ABD’de özel sermaye (private equity) sektöründe son yıllarda birikmiş varlıkların satılamaması sektörü ciddi bir darboğaza soktu. S&P 500 endeksinin son beş yılda yaklaşık yüzde 95 oranında değer kazanmasına rağmen, özel sermaye fonları portföylerindeki şirketleri elden çıkarmakta sıkıntı yaşıyor. Sektöre ilişkin hazırlanan yeni bir araştırma, ABD’de 12 bin kadar özel sermaye şirketinin beklemeye alındığını gösteriyor. Yıllık ortalama 1.500 şirketin çıkışıyla mevcut stokun eritilmesi sekiz yılı bulacak.
FAİZLER VE ABARTILI DEĞERLEMELERİN FATURASI
Edinilen verilere göre, 2020-2022 yıllarında fiyatlamaların yükselmesi ve faizlerin düşük seyretmesi özel sermaye piyasasına aşırı bir coşku getirdi. Sektör oyuncuları, pandemi sonrası fırsatları hızla değerlendirmek için 2020 öncesi satın aldıkları birçok şirketi mevcut köpüklü piyasaya yüksek fiyatlarla satmaya çalıştı. Aynı dönemde, fon yöneticileri yeni anlaşmalara rekor seviyede fiyatlar ödedi. Harvard Hukuk Fakültesi’nin analizine göre, 2022’de özel sermaye fonları arasındaki anlaşmalar toplam çıkışların yaklaşık yüzde 45’ini oluşturdu.
YÜKSEK BORÇ, DÜŞEN GETİRİ
Likiditenin daralması ile birlikte, fonların yatırımcılarına karşı sorumluluğu ağırlaştı. Sektörün temeli olan kaldıraçlı satın almalarda özel kredi faizleri 2024 itibarıyla yüzde 9,5 seviyesine tırmanmış durumda. Portföy şirketlerinin birçoğu, EBITDA’ya göre borçluluk oranlarının sekiz katın üzerinde olduğunu belirtirken, nakit akışı açısından kırılganlık artıyor. Moody’s’in verilerine göre, özel sermaye destekli şirketlerde temerrüt oranı yüzde 17’ye yaklaşırken bu oran sektör dışında iki kat daha düşük.
YATIRIMCILARDA “AŞIRI TAHSİS” ENDİŞESİ
Özel sermaye fonlarına yönelik tahsislerde de belirgin bir düşüş sinyali veriliyor. 2010’lu yıllarda yıldızı parlayan varlık sınıfı, büyük yatırımcıların gözdesi olmuş ve fon toplama hızında rekorlar kırılmıştı. Ancak aşırı tahsis ve hedef üstü yatırım nedeniyle fonların elindeki varlıklar hızla arttı. Birçok büyük yatırımcı, özellikle Yale ve Harvard gibi kurumlar, son dönemde ikincil piyasaya yönelerek hisselerini elden çıkarmaya başladı. PitchBook verileri, 2024’te fon toplamanın hızla düştüğünü ve 2025’te de yavaşladığını ortaya koyuyor.
ÇIKIŞ KAPILARI DARALIYOR
Çıkış imkanlarının daralması ve IPO piyasasında küçük ölçekli şirketlere ilginin azalması özel sermaye için yeni bir tehdit yaratıyor. Ropes & Gray analizine göre, özel sermaye işlemlerinin yüzde 50-60’ı mikro sermayeli halka açık şirketler kategorisinde yer alıyor ancak bu segment piyasada zayıf performans sergiliyor.

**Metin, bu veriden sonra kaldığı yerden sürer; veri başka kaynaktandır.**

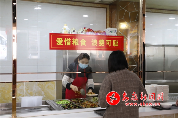 走进餐厅,“文明餐桌·厉行节约”“文明餐桌·光盘行动”“珍惜粮食·远离浪费”等宣传海报和标语或张贴在墙上,或摆放在餐桌上,十分醒目。据餐厅负责人介绍,除了常态化的氛围营造,餐厅还定期为食堂工作人员开展爱惜粮食、文明用餐等相关培训活动,通过建立微信用餐群,实行“报伙”用餐制度,定量制作餐品,实现精准供餐,同时号召用餐人员适量取餐、不浪费食物,从源头上杜绝粮食浪费。与此同时,食堂还在用餐群内组织开展“晒光盘照片 赢积分换礼品”活动,社内职工可通过在订餐群内晒“光盘照片”获得相应积分可兑换相应礼品。“今天兑换了一桶洗衣液,这是我第二次兑换礼品,虽然都是小礼品,但非常有意义,感觉既参与了创文过程,又享受了创文成果。”刚兑换完礼品的报社职工说道。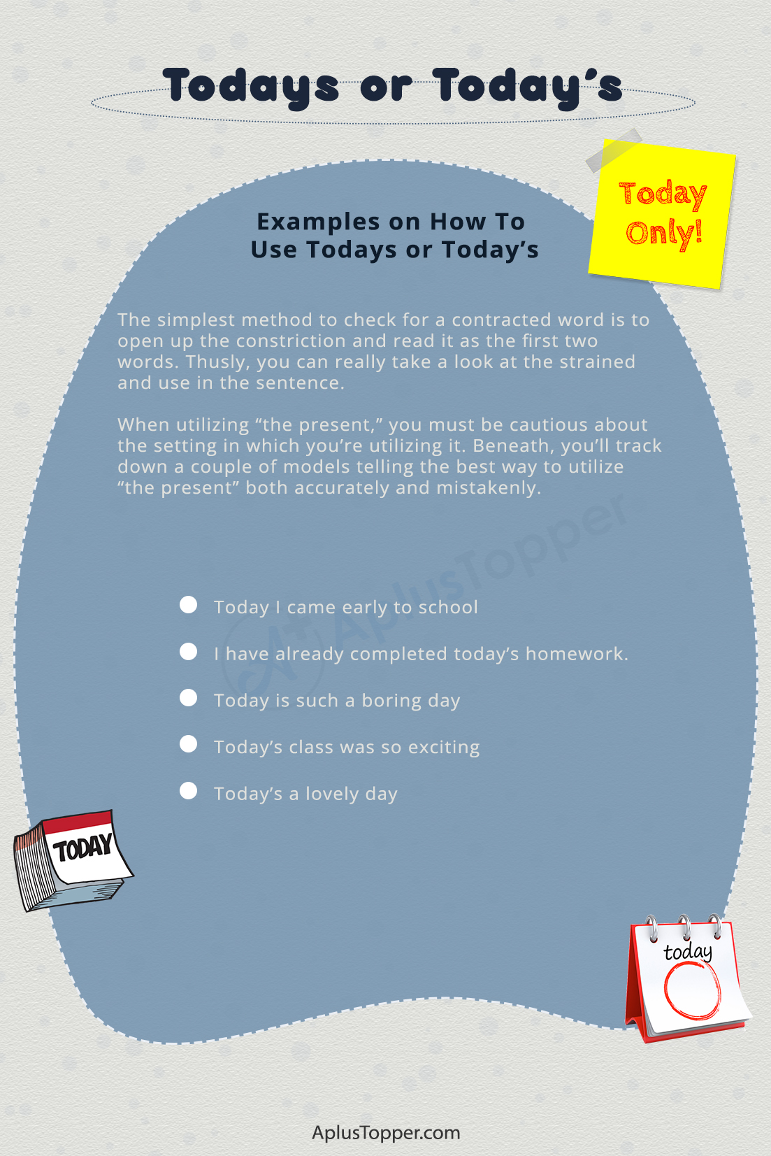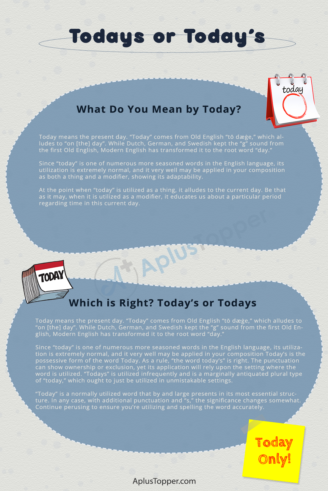 Today’s is the possessive form of the word Today. As a rule, “the word today’s” is right. The punctuation can show ownership or exclusion, yet its application will rely upon the setting where the word is utilized. “Todays” is utilized infrequently and is a marginally antiquated plural type of “today,” which ought to just be utilized in unmistakable settings.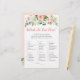 Ces élégantes cartes Qu'est-ce que vous avez dans votre sac sont un excellent moyen de lancer l'amusement à votre douche de mariage et garanties d'être un énorme succès ! Il suffit de les faire passer autour pendant la douche de mariage où les invités s'amuseront à fouiller dans leurs sacs et à cocher les articles qu'ils ont sur la liste. La personne avec le plus de points gagne ! Ce design présente de belles fleurs aquarelles rose blush et crème.

ALTERNATİF YOLLAR VE ARTAN BELİRSİZLİK
Sektörde fonlar mevcut varlıkları korumak adına yeniden finansman yolları arıyor veya şirketlerini devam fonlarına devrediyor. Ancak yükselen faiz ve ekonomik büyümede beklenen yavaşlama, bu stratejilerin sürdürülebilirliği konusunda soru işaretleri uyandırıyor. McKinsey verilerine göre özel sermaye getirileri, son bir, üç ve beş yıllık dönemde S&P 500’ün gerisinde kaldı.
Uzmanlar, özel sermaye piyasasının bir zamanlar gözde iken artık “para tuzağı” riski taşıdığı konusunda uyarıyor. Sektördeki temel soru ise şu: Çıkış kapısı, elindeki şirketlerden kârla ayrılmak isteyenler için yeterince açık mı?